Oxycodone reached the United States in the 1939. However, in 1996, a Connecticut pharmaceutical company called Purdue Pharma introduced Oxycontin. Marketed as a new painkiller, the active ingredient in the drug was no different from that of Oxycodone which had been in the market for a few decades by then. What was different, however, was the manner in which the active ingredient was delivered by the drug.
Oxycontin was touted as the appropriate treatment of moderate to severe non-cancer pain. The brands of Oxycodone which were available in the market during those times had a couple of drawbacks: (1) they were available only in low doses which necessitated the patients to take many pills to experience relief; most painkillers that contained morphine staved off pain only for a period of 2 to 3 hours; and (2) they were found in combination with other drugs such as aspirin and acetaminophen, which could cause dangerous side effects when taken in larger doses.

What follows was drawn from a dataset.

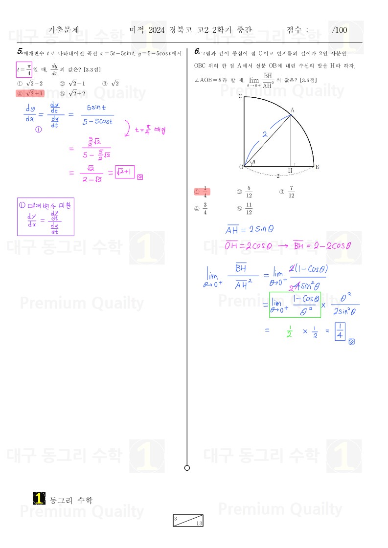 2024년 경북고 2-2 중간 미적
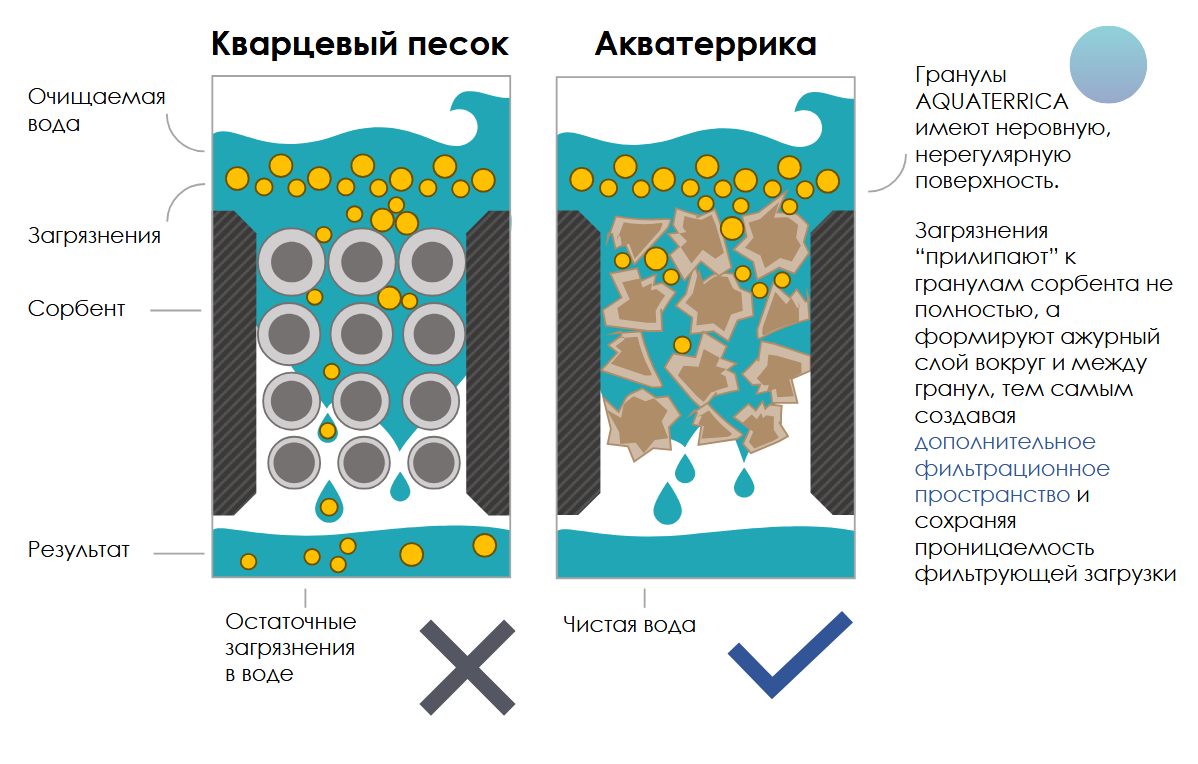 При фильтрации загрязнённых вод на минеральном сорбционно-фильтрующем материале АКВАТЕРРИКА D происходит несколько процессов одновременно:

When Oxycontin was released in the market in 1996, it clearly overcame these two drawbacks. It came in larger doses with a timed-release coating that delivered the drug over a 12-hour period and required an individual patient to take only two pills a day. Oxycontin contained no other active ingredients which could cause side effects.

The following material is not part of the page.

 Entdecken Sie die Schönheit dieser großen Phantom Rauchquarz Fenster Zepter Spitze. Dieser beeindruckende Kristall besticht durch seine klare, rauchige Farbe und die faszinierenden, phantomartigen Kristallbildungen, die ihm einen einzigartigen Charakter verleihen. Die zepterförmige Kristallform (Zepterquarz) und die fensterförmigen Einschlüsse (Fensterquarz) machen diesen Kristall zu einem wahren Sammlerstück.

Oxycontin thus became an overnight success for Purdue Pharma and raked in the dollars for them. In 1996 legal sales of Oxycontin was well over $40 million. By 2000, Purdue Pharma earned over a billion dollars through the sales of Oxycontin. By then it was the number one narcotic pain relief pill. Most of the pills sold were purportedly used by legitimate patients.

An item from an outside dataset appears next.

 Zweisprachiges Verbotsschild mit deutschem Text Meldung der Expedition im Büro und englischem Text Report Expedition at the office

The release of Oxycontin in 1996 coincided with a national movement that had the doctors ready to treat pain more aggressively. The manufacturers initially thought that Oxycontin would not prove attractive to addicts due to the time release coating on the tablet. However, people devised ways to crush the tablet and snort or inject the contents. Soon people were sharing prescriptions and an addict could get a prescription for an opioid drug from more than one doctor. All this paved the way for big-time abuse of Oxycontin.
Oxycontin was marketed aggressively among the small-town doctors who were inexperienced in treating chronic pain with powerful opioid drugs. Many of them were not able to detect abuse or addiction when it developed. By the year 2003, more than 50% of all the Oxycontin prescriptions in the United States was being written by rural or primary care doctors. In due course it followed that, Oxycontin, instead of being a chronic pain reliever, had tremendous potential for abuse and addiction.
The prominently affected areas were Kentucky, Virginia, Maine, and Ohio. Abuse and addiction symptoms were prevalent among recreational drug users, teenagers, and patients suffering from pain. Some possible contributing factors to the high amount of abuse was cited as absence of a warning against crushing the tablet that may have alerted potential abusers and the product label on the drug which suggested that Oxycontin had lower abuse potential.
In the wake of rising addiction and overdosing problems with Oxycontin, Purdue Pharma responded by forming a response team to study the abuse. They elected to discontinue marketing the 160 mg Oxycontin tablet in 2001. The FDA had requested the company additional information on the abuse and the prescribing patterns of Oxycontin.
In the year 2007, several lawsuits filed against Purdue Pharma turned the public glare to the company. Purdue Pharma paid several fines totaling $600 million for misleading and aggressive marketing practices. Three officers of the company pleaded guilty for misleading the public about the safety of the drug.
Purdue Pharma also donated money to communities and states heavily afflicted by opioid addiction. The makers of Oxycontin since announced that the drug would be reformulated to make it difficult for the addicts to snort or inject it. This new preparation was released in 2010 and it contains a substance that turns the pill into a gluey resin. This is difficult to snort or inject and is not popular with the addicts.